Mis dientes tienen una perfección inexplicable, son largos, y al decir largos significa muy largos, uniformes, que enmarcan una lengua larga, muy larga. La gracia de la belleza de la parte interna de mi boca es desconcertante cuando por fin sonrío. No sé a suerte de qué mi sonrisa es muy amplia, se alza hacia los lados haciendo una luna menguante muy aguda y agresiva, si encima sonrío con los dientes bien juntos, sentirás definitivamente que en medio de mi crujir de dientes yace tu alma, o cuando menos tu carne. Es la sonrisa de un ángel mezclado con una hiena, es la alegría diáfana teñida de rabia. No quiere decir que mi vida interior sea tan voluble, sin embargo, es lo que representa mi sonrisa, como si fuera la sonrisa amable de un asesino. Si en vez de sonreír me río, o peor aun, me carcajeo, todo cambia, mi risa es por naturaleza estridente, muy sonora, delirante y contagiosa.

Creo que de todas las partes de mi cuerpo, la que más cuido es mi boca, luego le sigue mi piel. Puede que no vaya al médico general, al urólogo, al otorrinolaringólogo, pero sin duda al dermatólogo sí tengo que ir, más que para curar para prevenir, y de un tiempo para acá, no podría dejar de ir a mi dentista, mi dentista preferida, mi única dentista.

Con ella, cuyo nombre es Aleida, me llevo de maravilla. Creo que el secreto de esta amistad radica en que ella valora mis dientes en una forma que yo no puedo siquiera entender, ella los ve desde dentro, sabe cómo se llama cada diente y si es normal que salgan como han salido, sabe la función de cada pieza, de qué están hechos, qué soportan y qué no soportan, es una experta absoluta. Ella me conoce muy íntimamente y en cierto modo ha concluido la obra que la naturaleza comenzó, Dios me dio unos dientes bellos, pero ella los terminó de acomodar, los libró de la caries, les devolvió su blancura. He sido su boca mimada y nos hemos sabido dar partes, de las mejores partes, que tenemos.

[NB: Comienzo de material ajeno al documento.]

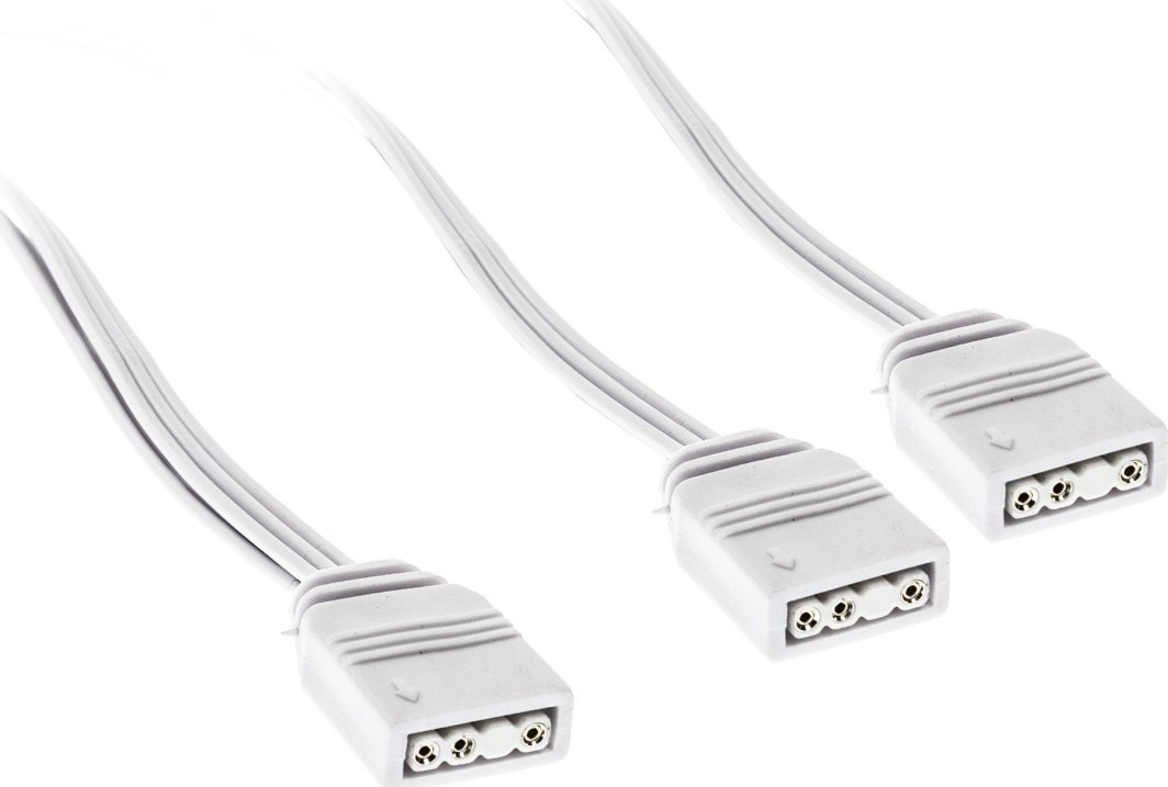 Kabel jest wyposażony w standardowe 3-pinowe złącza adresowalne RGB, które dzielą jedno złącze żeńskie na dwa złącza żeńskie. W zestawie znajdują się również dwa adaptery męskie, co znacznie ułatwia podłączenie i instalację.
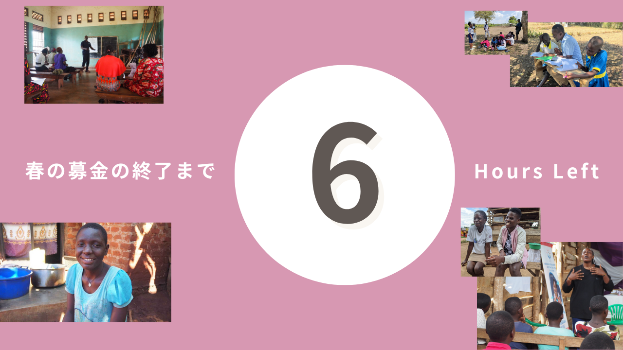 2025-03-31 12:00春募金終了まで、あと12時間!現時点で、45名の方に44万6,600円のご支援をいただきました。みなさまからのあたたかいご支援に心より感謝申し上げます。2025-03-31 12:00春募金終了まで、あと12時間!現時点で、45名の方に44万6,600円のご支援をいただきました。みなさまからのあたたかいご支援に心より感謝申し上げます。
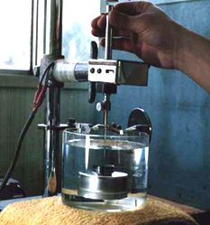 次にアスファルトがどれだけ柔軟性を保持しているか針入度試験機という検査機で試験を行います。
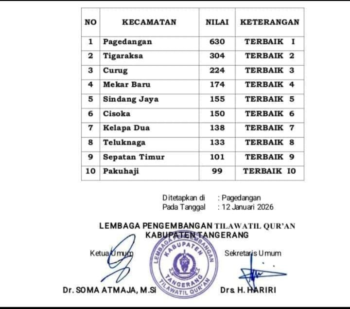 Pagedangan//Infodesakita — Musabaqah Tilawatil Qur’an (MTQ) ke-56 Kabupaten Tangerang baru saja usai dan telah banyak menghasilka qori qoriah sekabupateb tangerang yang akan mewakili kabupaten tangerang di tingkat provinsi Banten di Kota Tangerang Selatan di tahun 2026.
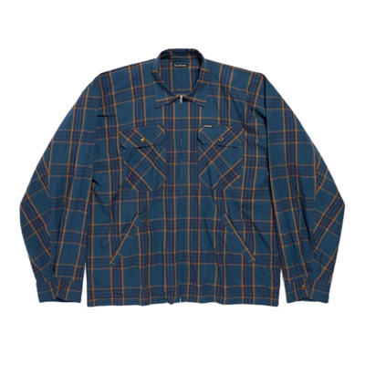 블루와 오렌지 배색이 돋보이는 집업 셔츠입니다.

Recuerdo la primera vez que llegué con ella, su consultorio era un buen consultorio ubicado en una zona comercial que exige el pago de rentas muy elevadas. Fuera del consultorio estaba estacionado un automóvil del año, impecable, de esos que son atrevidamente familiares o flojamente deportivos. En el muro se leía un letrero que decía "Estacionamiento exclusivo / Dra. Aleida Merino". Cualquiera que sepa que me gano la vida como payaso callejero sabrá que para mi era un esfuerzo muy significativo el pagar una dentista visiblemente cara, sin embargo, corría con la suerte de tener un medio para pedir un descuento, un medio tan azaroso como inquietante.

La conocí bajo la idea de que Aleida era dentista de una chica rubia a la cual le daban mucha risa mis montajes. Pareciera que el público es quien recuerda al artista y no al revés, por varias razones muy obvias; el artista debe poner atención a su puesta en escena y ello implica que no preste mucha atención a su público, sin embargo el público sí puede centrar toda su atención en el artista porque es parte esencial del espectáculo y desde luego no es mal visto quedársele mirando. Eso es cierto sólo a medias, pues las calles y las plazas no son un teatro en el que el público es mas o menos una masa oscura de cabezas indistintas, en ellas el público está cerca, ellos te ven, tu les ves, y si alguien del público es seguidor de tu trabajo terminas por identificarlos. Yo identificaba al público por el sonido de sus carcajadas, por el brillo de sus ojos al ser felices, por las muecas de indignación divertida que ponían en ciertos de mis actos. Una risa particular la podría identificar de las demás, así la viese y oyese una sola vez en la vida, y más aun, si los dueños de estas risas eran clientes asiduas de mi espectáculo con mayor razón les identificaba.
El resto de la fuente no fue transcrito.